Twenty years ago this August, I moved to West Hollywood.
I came for a lot of reasons, mostly because I’d lost the life I’d spent years making for myself. What I found here was life as I’d never imagined living it. Life here is still hard sometimes. They still charge rent – too much, if you ask me. There are lines at the grocery store. The traffic gets snarled and parking is a pain here, same as everywhere else. But West Hollywood offers me something I didn’t come looking for because I didn’t know it was on offer.
In West Hollywood, I’m nothing special.
Oh, I’m still my special unique self. As you might expect from our storied geography, special is the norm here. There’s tons of movie and TV stars, singers, musicians, directors, writers, poets, rappers. You name it, we’re all right here. I love living in the midst of dreams and creativity. Hollywood’s on one side, Beverly Hills is to the west. My next door neighbor is Johnny Depp. The Vanity Fair Oscar party takes place across the street. When the helicopters were over Paris Hilton’s house, they were over mine.
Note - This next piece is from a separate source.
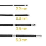 The 4-way system makes it possible to move the camera head from the car measuring device in a 190° bending radius. The viewing angle of the borescope is 120°. It is controlled via a joystick, which controls the electric motors on the boroscope. Thanks to the particularly narrow camera head with a diameter of between 2.2 and 6 mm, the borescope can be used for endoscopy in engines, firearms, bores and other narrow openings, for example. This means that weld seams, wear and tear and damage can be assessed quickly and easily with the boroscope in order to make quick diagnoses. The sheathing of the endoscope cable from the borescope consists of braided tungsten. The borescope camera head is made of titanium alloy. This makes the endoscope cable from the borescope particularly robust. The boroscope is therefore used in engineering offices, quality control and for expert opinions.

But more than any of that, you can’t sling a dead cat in this town without hitting gay. I don’t know if gay people are even the majority in West Hollywood, but there are so many of us here, it’s impossible to stand out just for being gay. I didn’t get to grow up in a gay home. I didn’t go to a gay school. God knows, there’s no gay church. There was no place where I ever felt like I really belonged. And, as you may have noticed, there’s been considerable effort over the years to make gay people feel even less welcome pretty much everywhere.
Here, not so.
Here I get to shine for being who I am. Being gay isn’t really an important or interesting fact about me in West Hollywood. It’s like being a southerner in Atlanta – still charming but just not that remarkable. I love it.
West Hollywood has changed my life. Here, I get to forget about this one relatively minor aspect of who I am that gets made such a big deal of in so many other places. In West Hollywood, I get to be me. If people take note or ignore me here, it’s for who I am or am not, for what I do or don’t do, for the choices I make. Not because of something I had no control over.
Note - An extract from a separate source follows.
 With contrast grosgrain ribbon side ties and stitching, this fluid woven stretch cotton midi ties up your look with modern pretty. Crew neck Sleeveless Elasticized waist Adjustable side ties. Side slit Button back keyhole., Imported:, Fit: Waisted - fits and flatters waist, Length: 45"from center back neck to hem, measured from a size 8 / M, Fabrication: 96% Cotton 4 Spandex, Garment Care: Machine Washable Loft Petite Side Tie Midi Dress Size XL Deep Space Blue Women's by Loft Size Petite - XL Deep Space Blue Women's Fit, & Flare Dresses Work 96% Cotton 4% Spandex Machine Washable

With the changes that are happening in the world today, I hope that West Hollywood will spread and that gay people will get to be not special where ever we go and live.
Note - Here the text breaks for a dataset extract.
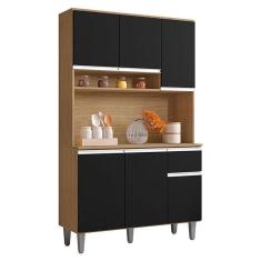 Armário Para Cozinha Kit Márcia Amendoa Preto - Ajl - Ajl Móveis

In tribute to this place that has come to feel like home for me in a way that I didn’t even know was possible, I’m starting a series of interrelated short stories based the city, its residents and my time here. As with the rest of this blog thing, we’ll see how it goes.
I’d thought of calling it 90069, our unintentionally obvious zip code. But I’ve settled on a different name. It’s based on my first address here. Let me know what you think of the name and the stories. It’s fiction. But, I hope, it will be an accurate portrait of this city that beckoned me home to a place I’d never been a minute before I arrived.
Welcome to: Sweetzer Court
Can’t wait to read it mon petit. Make sure us gay film geeks get in there somewhere too.
Let your hair fly today baby.
xo P
Great introduction to this line of stories. I look forward to reading all of them. I had the good fortune to live in West Hollywood a few years ago, and I can say without doubt that Los Angeles is my favorite town in the southern part of California. Their neighbors, south a county or two, not so much. I was always told West Hollywood and L.A. were too superficial, but I never saw it like I did in Orange County and San Diego County. The horror stories I could tell about these places, but I never found it so for L.A. and West Hollywood. Even a night out at the Abby was always exciting and adventurous, even when I was trying to pull a piece of gum off of Mary, Mother of God’s head. What I miss more than anything is Friday nights on Melrose Avenue at the Bodhi Tree Book Store at 8585 Melrose. That and the coffee shop on the same block at the end of that corner. And who cannot stand in awe of Hollywood Forever, where you can walk among the dry bones of the dead and famous or where you can catch a showing of Night of the Living Dead right on the side of a mausoleum during summer night movie festivals. If I keep this up I am going to make myself homesick for that magical city. Thank you, Eric, for the reminder of this wonderful place. Even though I am gone from there now, living north in San Francisco, I will always see West Hollywood and Los Angels as my home, too.
Eric, after reading this, I feel like giving you a really big hug. You are truly a romantic.
I feel the same way about my hometown, West LA. Sadly, I don’t live there right now, though I can’t wait to move back. Yep, you’re totally right: overpriced rent, it’s crowded, the traffic can be terrible but…. it’s just fabulous! Obviously, it’s not quite the same as West Hollywood, but despite the smog, the crummy buildings, whatever, it’s just… what can I say? Glamorous.
And I am starting Sweetzer Court asap. It sounds great.